Часть 1
8 ноября 2023 г. в 01:23
понедельник смешивается с пятницей, образуя вязкую кашицу из отвратительных бездарно проёбанных дней. я захлёбываюсь в тревожности, барахтаясь и крича.
шлёпаю домой по необычной для января слякоти, пачкая чёрные школьные брюки по колено. мелкий пиздюк в ярко-жёлтых сапожках пробегает прямо передо мной, вопя на весь микрорайон:
— мама, подожди!
захотелось поставить подножку. чтобы детёныш упал, желательно, содрал коленку, насквозь промок и заревел. за одно лишь напоминание о том, что дома ждут.
у меня сердце провалилось в живот, а лицо стянуло до адской боли, обжигая затылок и скулы.
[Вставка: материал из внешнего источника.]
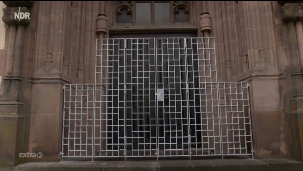 Eine Kirche in Düsseldorf ist Ziel des ätzenden Spottes der Satiresendung „extra 3“. Weil offenbar ein Obdachloser im Eingangsbereich störte, errichtete die Gemeinde ein abschreckendes Stahltor.
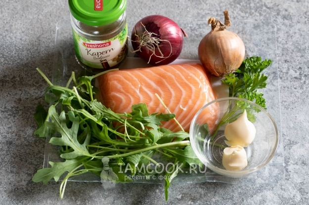 Кроме лосося, я в этом рецепте использую абсолютный минимум приправ. Каперсы (и рассол от них) можно заменить на солёный или маринованный огурец. Красный лук нужен ради его цвета, но его одного с точки зрения вкуса, по-моему, недостаточно, поэтому я беру и белый тоже. Вместо рукколы можно взять кресс или любой из горьковатых салатов. Без рукколы - скучновато чуток.
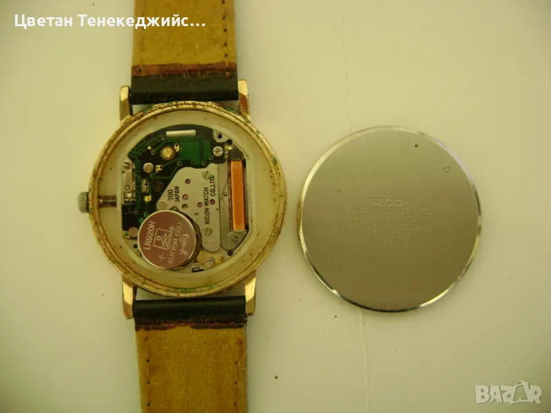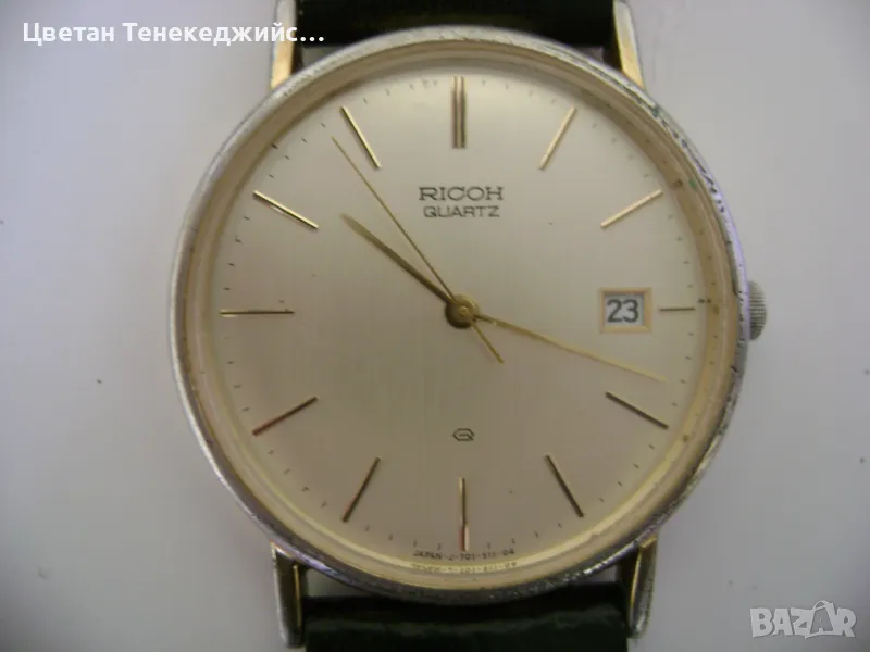 4.Японски часовник Ricoh.Работи точно.Датник.Механизъм с 4 камъка.Водоустойчив.Диаметър на касата без коронката 32,2 мм.Кожена каишка.-45лв.

покорно забегаю в пасть четвёртого подъезда, хлопая дверью и спотыкаясь об низкий порог.
поворот ключа в замке — щёлк — будто сдвигаются по швам кости черепа.
квартира встречает меня пустотой. но она не кажется безопасной, просто таковой не чувствуется.
да, кто не знал, здоровая семья — это когда ты до боли в башке затаиваешь дыхание, чтобы услышать, есть ли кто-то дома. можешь ли ты поесть на кухне, как человек, не прятать телефон под подушку и надеть чуть меньше слоев одежды.
чутьё меня не обманывает.
— генка, твою мать, опять все штаны обляпал. чучело, — и слабый, но отрезвляющий материнский подзатыльник, — позорище.
иногда создаётся ощущение, что «позорище» — это моё настоящее имя. что на самом деле в паспорте у меня должно было значиться «фарафонов позорище батькович», но в паспортном столе всё напутали.
в гостиной уже накрыт белой грязноватой скатертью стол. жижа в кружке с тупорылым щенком смотрит на меня моим же забитым недосыпом белым лицом, размазывая его по поверхности.
часы показывают без пятнадцати шесть.
— мам, ко скольки они должны быть?
— ген, ну ты задолбал, записывай себе, раз ничего не помнишь! к шести.
если я начну записывать всё, что мне надо не забыть, хотя отчаянно хотелось бы, я сойду с ума окончательно.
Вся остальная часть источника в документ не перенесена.